Previously, the City of Palo Alto implemented the Safe Routes to School program to improve safety for commuters and reduce school-related traffic congestion. The Safe Routes to School program includes a partnership with the Palo Alto Unified School District and the Palo Alto Parent Teacher Association. The partnership created a five-year plan to reduce the risk for students en route to and from school. Additionally, the City adopted the Palo Alto Bicycle & Pedestrian Transportation Plan in 2012, which identifies city goals for bicyclists and pedestrians. The plan includes the goal of expanding bicycle-to-work trips by 15 percent by 2020.

In 2012, the City also started reducing road lanes in order to moderate car traffic in the area. Long-time Palo Alto resident Charles Cedric Kinyon believes the reduction of lanes has actually been a large factor in traffic and bike safety issues. “People have to merge so many times,” Kinyon said. “I’ve seen people try to merge that are in the bike lane and people drive around in the middle lane when they are not supposed to. [Cutting] it down to two lanes caused a bigger problem than they thought it would be fixing.”

Currently, the City of Palo Alto is continuing its initiatives through the current Charleston/Arastradero Corridor Project, which aims to expand safety measures on roads and crosswalks.
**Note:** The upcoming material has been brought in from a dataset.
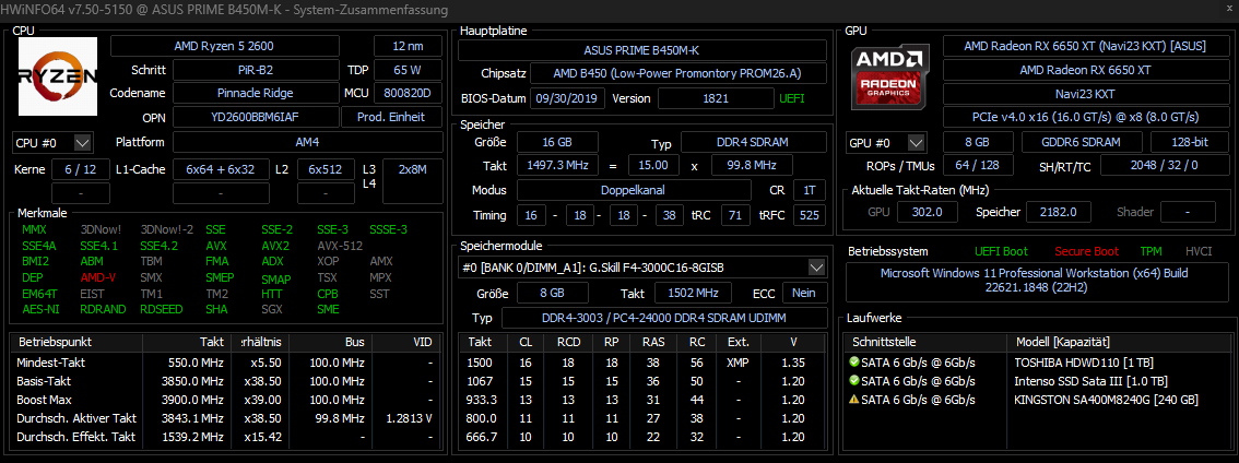 - Arbeitsspeicher (RAM): 16GB 3200mhz

The Charleston/Arastradero Corridor Project, which began construction in June 2018, includes several additions to roads and crosswalks to improve safety for cyclists and pedestrians. Changes will work to moderate car speeds and improve sightlines for bikers and drivers. Certain street markings and features will serve to create a protective buffer between cyclists and motorists, including a one-way protected cycle track installed on Arastradero Road which will separate parked cars from the bike lane. Additionally, median refuge islands that allow pedestrians and bicyclists to be protected when crossing a larger street and waiting for a gap in vehicle traffic will be installed on several intersections.
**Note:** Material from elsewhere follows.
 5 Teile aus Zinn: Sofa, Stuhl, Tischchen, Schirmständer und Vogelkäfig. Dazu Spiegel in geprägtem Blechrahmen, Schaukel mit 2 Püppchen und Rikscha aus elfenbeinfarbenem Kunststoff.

The construction for this project caused a temporary narrowing of roadways around Gunn due to barricades and cones being used for the safety of construction crews. Junior Maximilian Goetz believes this inconveniences both bikers and drivers. “There are a lot of places where you have to share the road,” Goetz said. “For a novice biker to have a car going behind you at 25 mph, you feel pressured to bike faster since you don’t want to hold them up.” Goetz believes bikers should redirect to Maybell Avenue and other side streets during construction. “Try to avoid biking and driving on Arastradero if you can,” he said.
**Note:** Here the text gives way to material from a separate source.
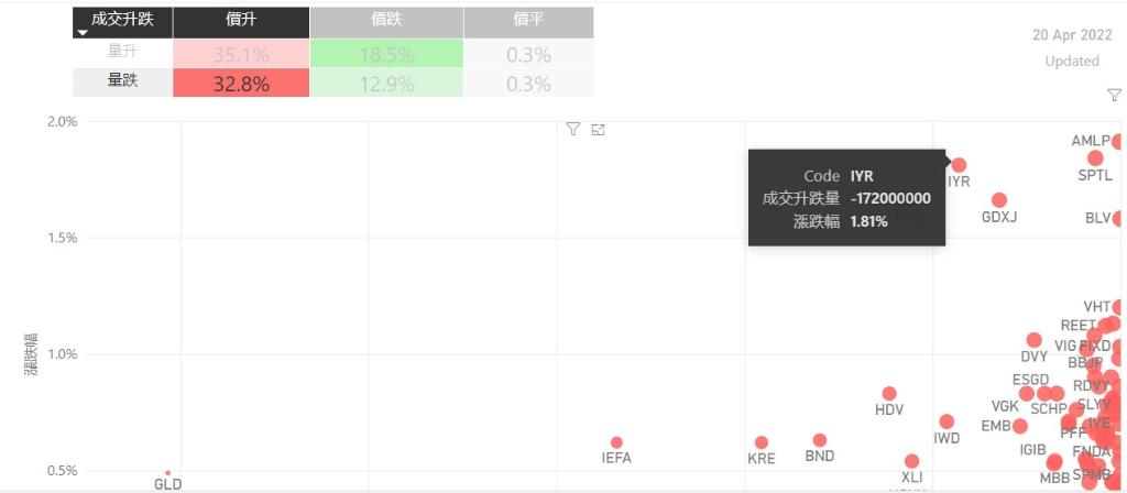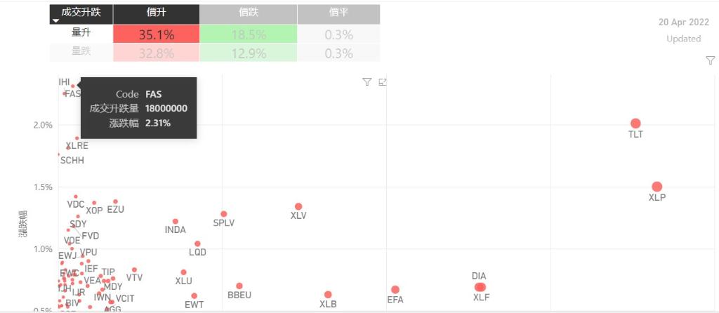 在4月20日的美股主要300只ETF交易品种中,有68%的ETF交易品种的ETF价格上升;尽管过半数的ETF价格录得上升,不过仍有33%的ETF产品,虽然价格上升,成交额却下跌。在价升量跌的ETF当中,AMLP升幅最大,录得1.91%升幅;其次为SPTL,录得1.84%。IYR录得1.81%的升幅,属於价升量跌的ETF当中,排名第三。如果考虑部署短期追升ETF,可以考虑以下品种,比如FAS、I...

Senior Adam Lehot believes the solution to bike safety issues is better enforcement of traffic laws. “The biggest problem is that kids don’t stop at stop signs and always take up the entire road, sometimes going into oncoming traffic,” he said. Lehot says that a solution to this problem is to have more police officers on patrol during commute times. “Whenever they have cops the bikers always behave,” Lehot said. “I don’t understand why there isn’t at least one police officer in the general area of three schools. Palo Alto has one of the lowest crime rates ever and they can’t post one officer to patrol the general area of all these schools?”

According to Officer Chris Moore of the Palo Alto Police Department, patrol officers monitor school transportation safety around Palo Alto daily. “Every patrol officer that is on duty that day is supposed to spend an hour in the morning doing school safety stuff,” Moore said. “It’s mostly looking at cars that don’t drive safely and making sure people wear their helmets.”

Moore warns bikers of the importance of following the rules of the road. “Usually bicyclists don’t follow all the road rules” Moore said. “They need to remember that while on the crosswalk they are a pedestrian, and when they are on the street they are a car so they have to follow all the rules.”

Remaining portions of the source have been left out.